Phillip Murphy, a former managing director at Bank of America, pleaded guilty on Monday for his role in a wide-ranging bid-rigging scheme that set artificial prices for municipal bond investment contracts.

Murphy, along with the 17 other defendants to plead guilty or get convicted, defrauded cities and counties who believed they were making investment agreements with the bank that offered them the best deal. Instead, the contracts went to predetermined winners, who sent kickbacks to the broker company, CDR Financial Products, charged with running the bidding process.

"Mr. Murphy ripped off hard working American taxpayers and cash-strapped municipalities all in pursuit of his own lucre," George Venizelos, who heads the FBI's New York Field Office, said in a statement.

Cities, counties, and other public entities use these investments to raise money for various projects, like schools or parks or roads. Much of the invested money comes from municipal bonds issued to the public.

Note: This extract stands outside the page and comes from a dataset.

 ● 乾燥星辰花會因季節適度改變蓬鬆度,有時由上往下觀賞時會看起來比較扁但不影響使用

These entities often hire a financial broker to help them find the best place to put the money. The broker holds a competitive bidding process and awards the investment contract to the bank offering the best rate.

In this scheme, however, CDR selected the winners before the bidding process. CRD told Murphy and other bankers involved when to submit an intentionally losing bid and when to submit a bid that was sure to win.

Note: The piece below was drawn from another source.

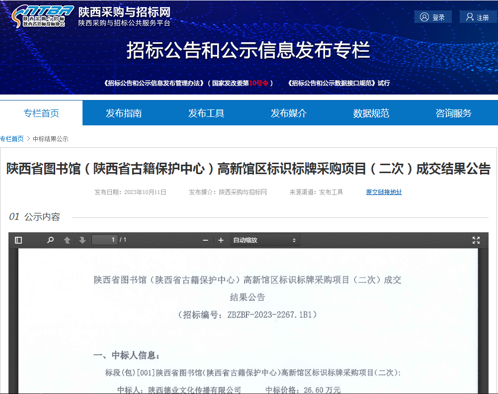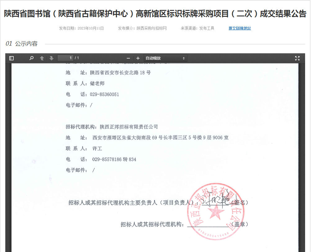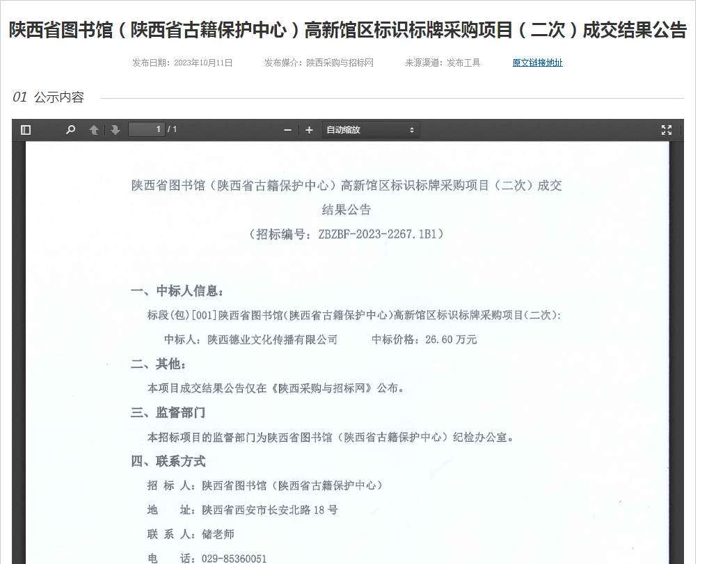 陜西省圖書館(陜西省古籍保護中心)高新館區標識標牌采購項目(二次)成交結果公告

"As a result of the information, various providers won investment agreements and other municipal finance contracts at artificially determined prices," the FBI's New York Field Office explained in a statement. "In exchange for this information, Murphy submitted intentionally losing bids for certain investment agreements and other contracts when requested and, on occasion, agreed to pay or arranged for kickbacks to be paid to CDR and other co-conspirator brokers."

 

Murphy served as managing director of Bank of America's municipal derivatives products desk from 1998 to 2002.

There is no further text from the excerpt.